Rebecka miró el reloj. Seguro que Curt ya habría llegado. Podría coger el avión, aunque no le sobraba mucho tiempo.

– Gracias por el café -dijo levantándose.

– ¿Ya te vas? -preguntó Sivving-. Ha sido una visita bien corta.

– Llegué ayer y me voy hoy -respondió Rebecka con una sonrisa.

– Ya sabes cómo son las mujeres con carrera -le explicó Sanna a Sivving-. Se van volando.

Rebecka se puso los guantes con movimientos bruscos.

– Lo que pasa es que éste no ha sido un viaje de placer, que digamos -aclaró Rebecka.

– Colgaré la llave en el sitio de siempre -añadió mirando a Sivving.

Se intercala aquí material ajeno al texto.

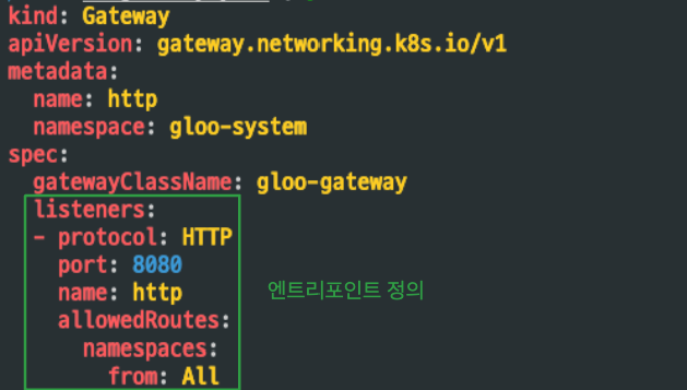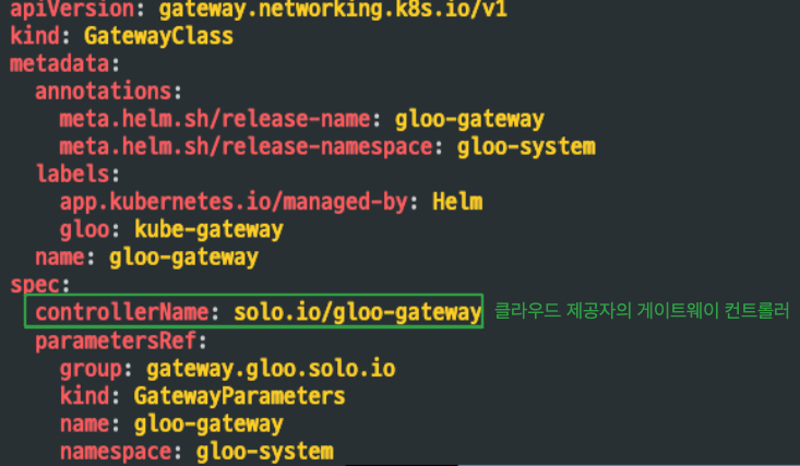 GatewayClass는 네트워크 인프라의 템플릿 역할을 합니다. 클러스터에서 사용할 수 있는 Gateway의 유형을 정의하고, 특정 클라우드 제공자의 게이트웨이 컨트롤러 연결합니다. ingress의 ingressClass, pv의 storageclass와 유사하다고 할 수 있습니다.

– Tienes que volver en primavera -le pidió Sivving-. Vuelve a tu cabaña de siempre en Jiekajärvi. ¿Recuerdas cuando íbamos todos? Tu abuelo y yo íbamos en la moto de nieve; y tú, tu abuela, Maj-Lis y los críos ibais en esquís hasta allí.

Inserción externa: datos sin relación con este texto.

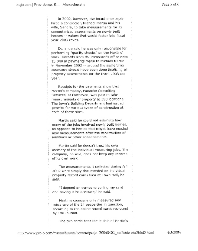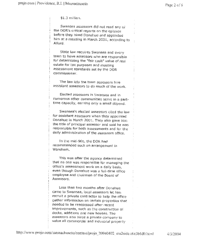 In March, a Providence Journal investigation showed that Donahue's office cost the town an estimated $53,000 because 23 of the newest houses had not been assessed to their full value. Almost $4 million worth of new construction didn't make it onto the 2002-03 tax rolls, according to the investigation.

– Sí que me gustaría -dijo Rebecka, que se dio cuenta de la sinceridad de sus propias palabras.

«La cabaña -pensó-. Era el único lugar donde la abuela se permitía estar sin hacer nada. Cuando habían limpiado las bayas o las aves de caza que habían conseguido a lo largo del día, claro.»

Vio ante sí a su abuela, ensimismada con una novela por entregas de la revista Hemmets Journal, mientras Rebecka jugaba al parchís o a la brisca con su abuelo. Como en la cabaña había humedad cuando no vivía nadie, la baraja se había hinchado al doble de su tamaño. El parchís se había doblado y las fichas no paraban quietas en su sitio. Pero daba lo mismo.